(Excerpts from a dataset)
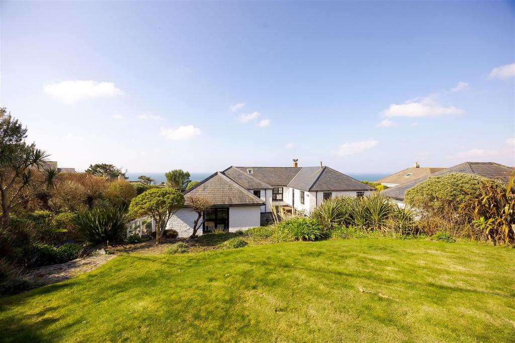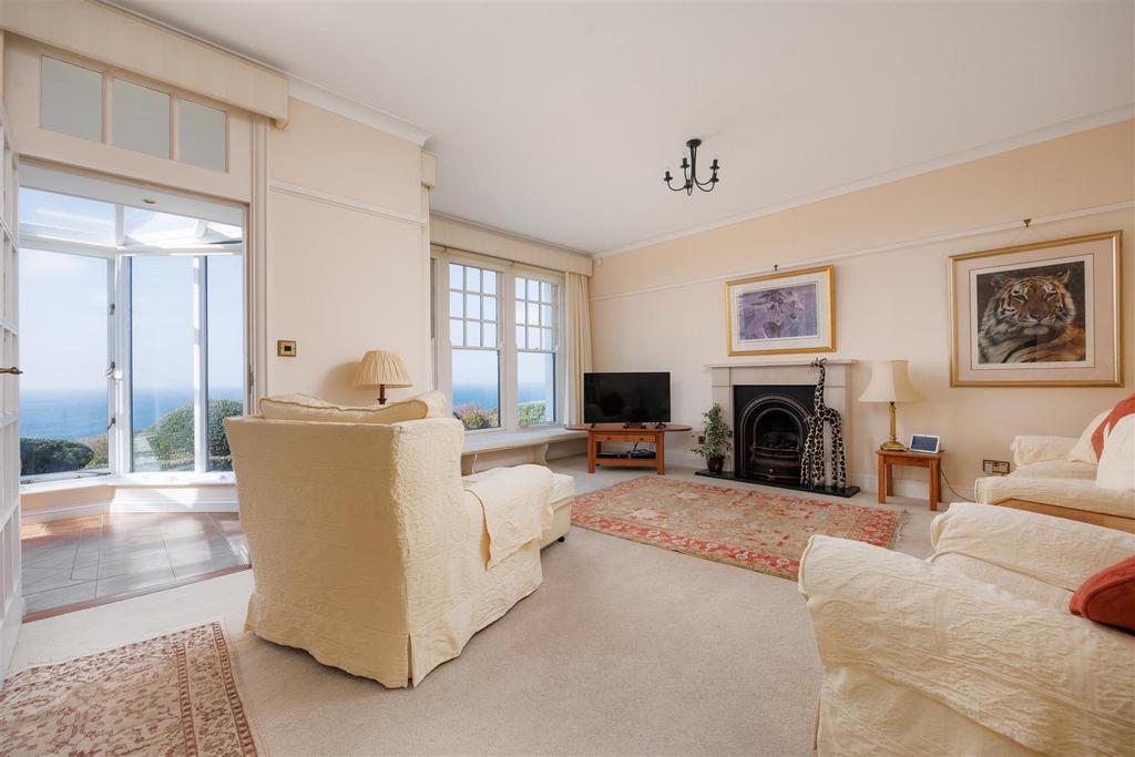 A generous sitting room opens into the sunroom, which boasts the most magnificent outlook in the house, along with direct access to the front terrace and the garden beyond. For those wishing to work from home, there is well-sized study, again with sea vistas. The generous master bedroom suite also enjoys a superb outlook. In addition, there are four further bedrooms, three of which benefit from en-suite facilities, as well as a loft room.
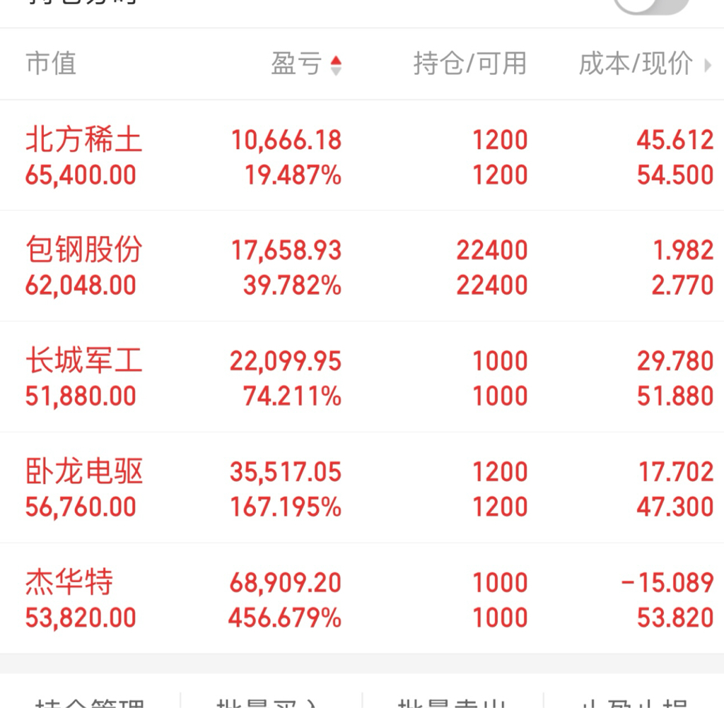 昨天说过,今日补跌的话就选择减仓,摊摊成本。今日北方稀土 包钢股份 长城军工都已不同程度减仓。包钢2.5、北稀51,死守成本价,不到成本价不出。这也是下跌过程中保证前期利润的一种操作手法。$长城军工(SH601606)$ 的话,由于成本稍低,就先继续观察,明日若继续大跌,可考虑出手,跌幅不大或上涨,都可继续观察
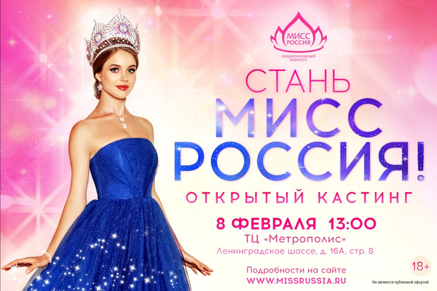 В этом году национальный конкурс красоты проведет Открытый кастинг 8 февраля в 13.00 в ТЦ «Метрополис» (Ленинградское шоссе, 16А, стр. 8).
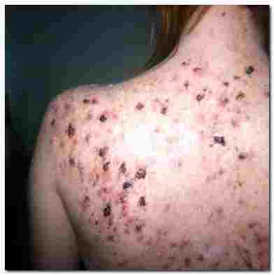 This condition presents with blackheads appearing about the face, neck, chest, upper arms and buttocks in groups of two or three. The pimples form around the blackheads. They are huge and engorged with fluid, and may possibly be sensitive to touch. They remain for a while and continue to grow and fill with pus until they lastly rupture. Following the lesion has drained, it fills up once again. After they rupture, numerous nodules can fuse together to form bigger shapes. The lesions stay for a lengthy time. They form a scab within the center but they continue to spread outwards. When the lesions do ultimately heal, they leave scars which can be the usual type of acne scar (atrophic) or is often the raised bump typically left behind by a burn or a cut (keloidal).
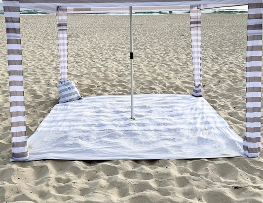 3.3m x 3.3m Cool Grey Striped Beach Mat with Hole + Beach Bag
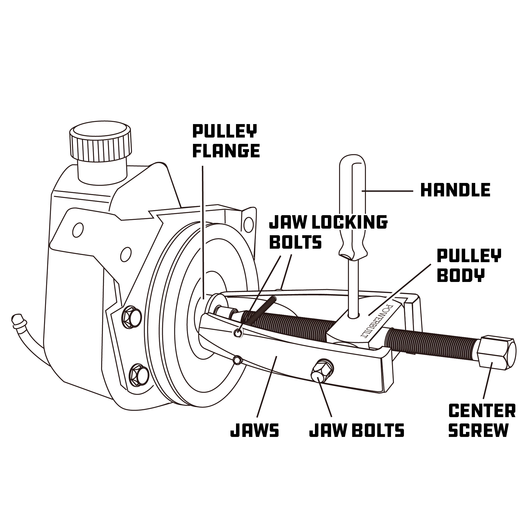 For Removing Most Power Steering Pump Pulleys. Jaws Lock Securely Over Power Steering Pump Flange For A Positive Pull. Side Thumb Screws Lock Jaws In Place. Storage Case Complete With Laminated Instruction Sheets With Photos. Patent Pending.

(EXERCISE AIM) Nothing but an exact copy is needed, covering the lines from the line with "3.3m x 3.3m" through the last line of the entries, pictures excluded.

(EXERCISE RESPONSE)
 3.3m x 3.3m Cool Grey Striped Beach Mat with Hole + Beach Bag
 For Removing Most Power Steering Pump Pulleys. Jaws Lock Securely Over Power Steering Pump Flange For A Positive Pull. Side Thumb Screws Lock Jaws In Place. Storage Case Complete With Laminated Instruction Sheets With Photos. Patent Pending.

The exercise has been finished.